Multiple myeloma is a type of cancer that begins in plasma cells and often affects many bones. Although it affects the bones, it is not bone cancer. Some people with this condition may not experience any symptoms; however, if symptoms are present, they may include bone pain, bones that break easily, and fever for no known reason. In general, treatment options can include such things as radiation therapy, chemotherapy, biological therapy, and stem cell or bone marrow transplants.
Multiple myeloma is cancer that begins in plasma cells (a type of white blood cell). Each year, about 15,000 Americans learn that they have multiple myeloma.

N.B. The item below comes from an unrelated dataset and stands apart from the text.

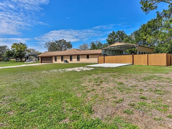 Location Location Location !!!!! Beautiful Updated 4/2/2 and Den Or Bonus Room Pool Home . Plus RV& Boat Metal Covered Parking Pad with electric. Situated on over half acre Corner Lot . Custom Fenced in Yard with double Gates . Light & Bright Open Great Room Floor Plan . Kitchen open to Family & Dining room . Spacious master with vaulted ceiling . Master bath with custom shower Full Body shower heads . double sinks walk-in closet . Additional bedrooms generously sized as well . 2nd Bath has separate shower and shower/tub combo and double sinks as well . Freshly Painted inside and out . Pocket sliders overlooking gorgeous Screened In Diamond Brite Pool with outdoor kitchen covered Patio .Hurricane protection tint on all windows and sliders. A Must See!!!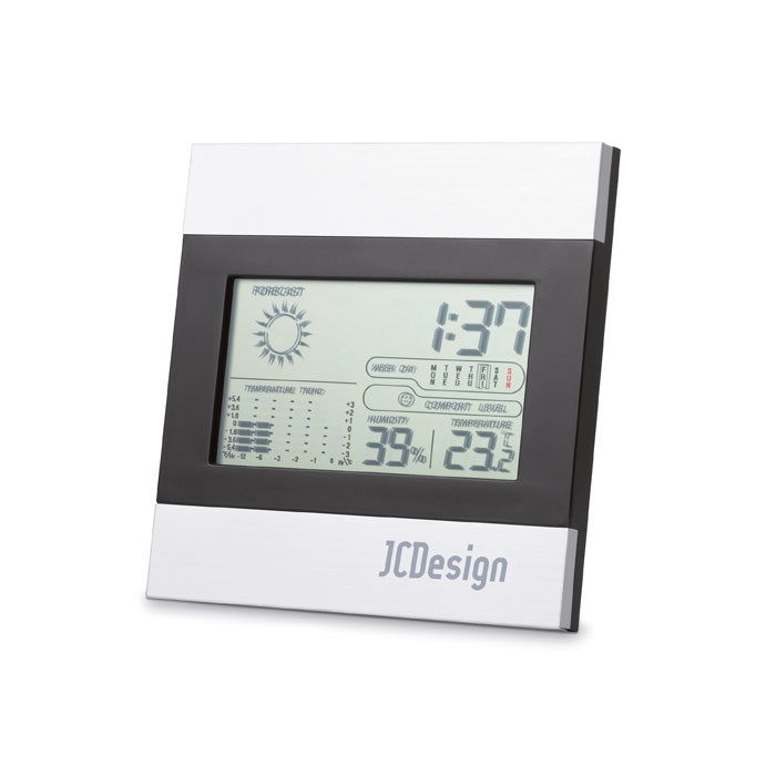 Black and silver weather station. Includes a clock, temperature humidity display and calendar. 2 AAA batteries not included.

In order to better understand multiple myeloma, it may be helpful to know how normal blood cells function. Most blood cells develop from cells in the bone marrow called stem cells. Bone marrow is the soft material in the center of most bones. Stem cells mature into different types of blood cells, which include:
- White blood cells -- which help fight infection (there are several types of white blood cells)
- Red blood cells -- which carry oxygen to tissues throughout the body
- Platelets -- which help form blood clots that control bleeding.
Plasma cells are white blood cells that make antibodies, which are part of the immune system. Antibodies work with other parts of the immune system to help protect the body from germs and other harmful substances. Each type of plasma cell makes a different antibody.